MATERIAL PROVIDED:
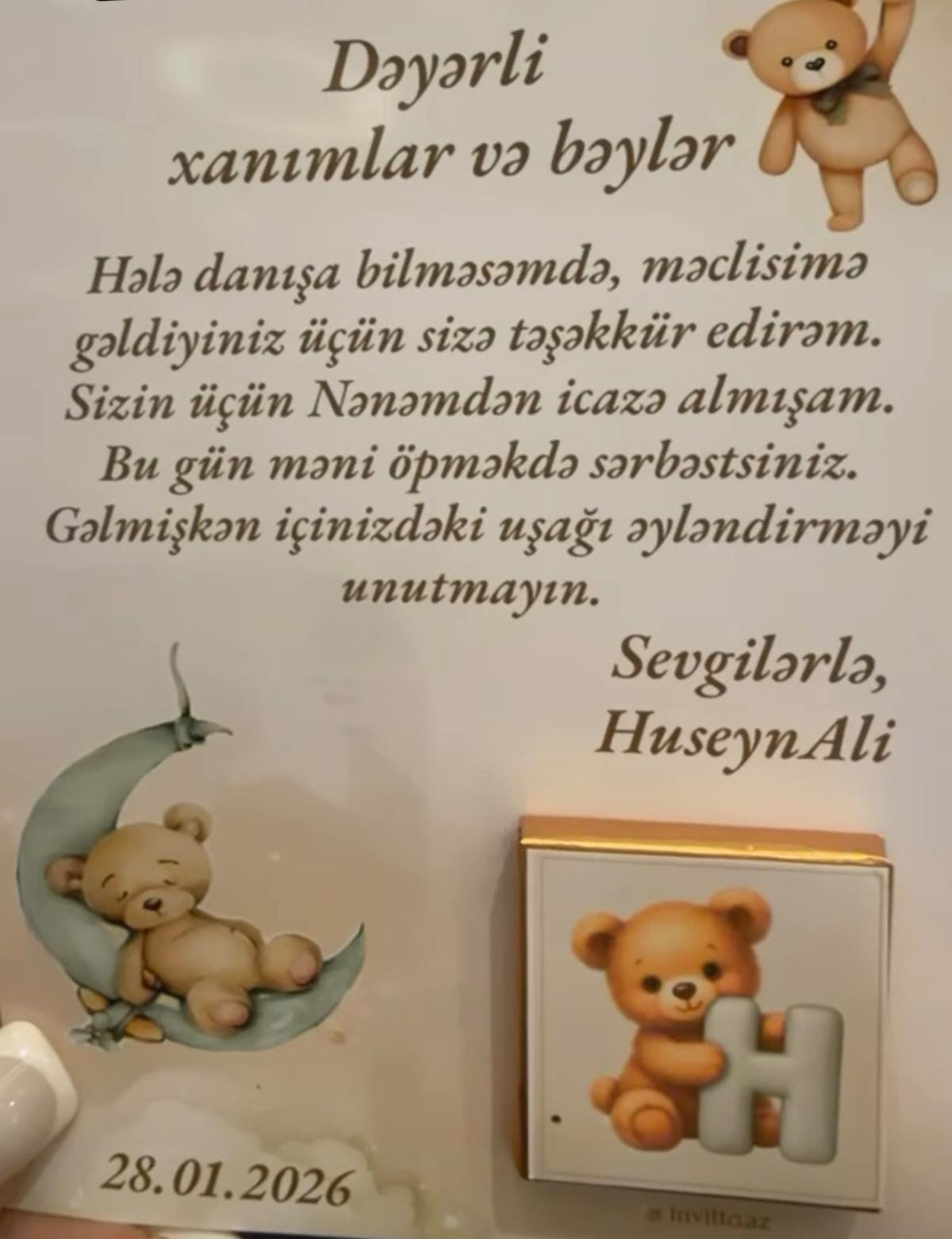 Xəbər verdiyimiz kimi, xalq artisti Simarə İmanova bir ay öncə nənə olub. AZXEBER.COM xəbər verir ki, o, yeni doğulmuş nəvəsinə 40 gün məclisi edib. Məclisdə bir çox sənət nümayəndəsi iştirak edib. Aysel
...
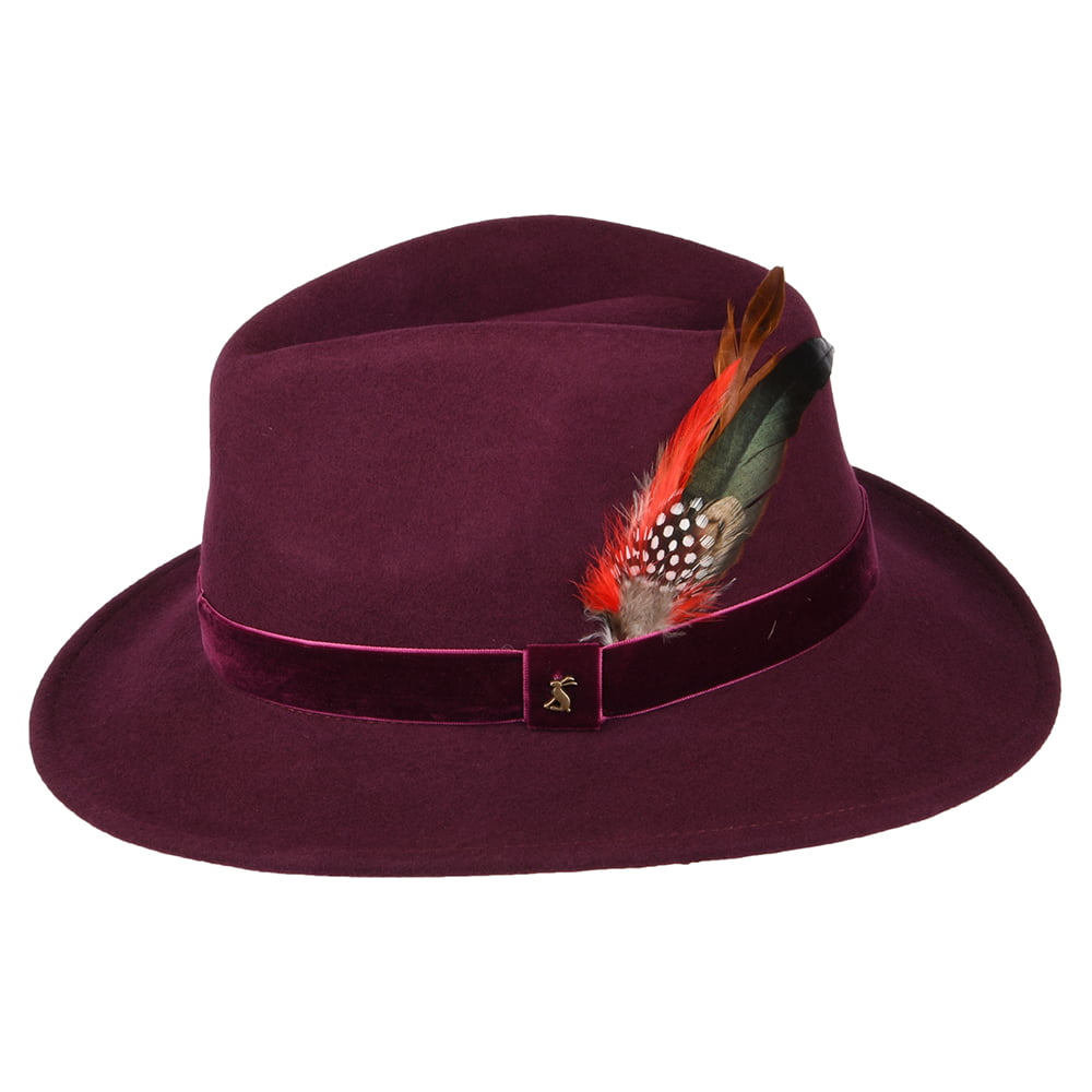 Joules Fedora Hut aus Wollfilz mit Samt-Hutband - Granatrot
...
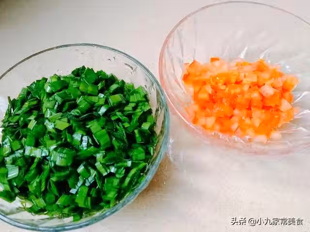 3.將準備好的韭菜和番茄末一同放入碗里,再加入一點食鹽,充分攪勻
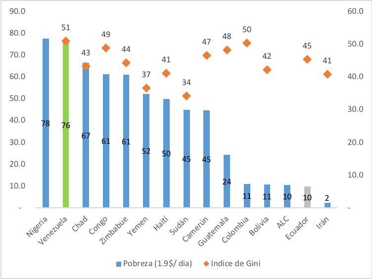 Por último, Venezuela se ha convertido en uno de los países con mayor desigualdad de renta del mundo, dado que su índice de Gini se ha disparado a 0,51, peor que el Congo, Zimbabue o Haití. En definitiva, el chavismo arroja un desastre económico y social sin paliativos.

ACTIVITY: Retype, exactly and with no pictures, everything above from the line with "3.將準備好的韭菜和番茄末一同放入碗里,再加入一點食鹽,充分攪勻" down to the line with "Por último, Venezuela", both included.

SOLUTION FOR THIS PROBLEM:
 3.將準備好的韭菜和番茄末一同放入碗里,再加入一點食鹽,充分攪勻
 Por último, Venezuela se ha convertido en uno de los países con mayor desigualdad de renta del mundo, dado que su índice de Gini se ha disparado a 0,51, peor que el Congo, Zimbabue o Haití. En definitiva, el chavismo arroja un desastre económico y social sin paliativos.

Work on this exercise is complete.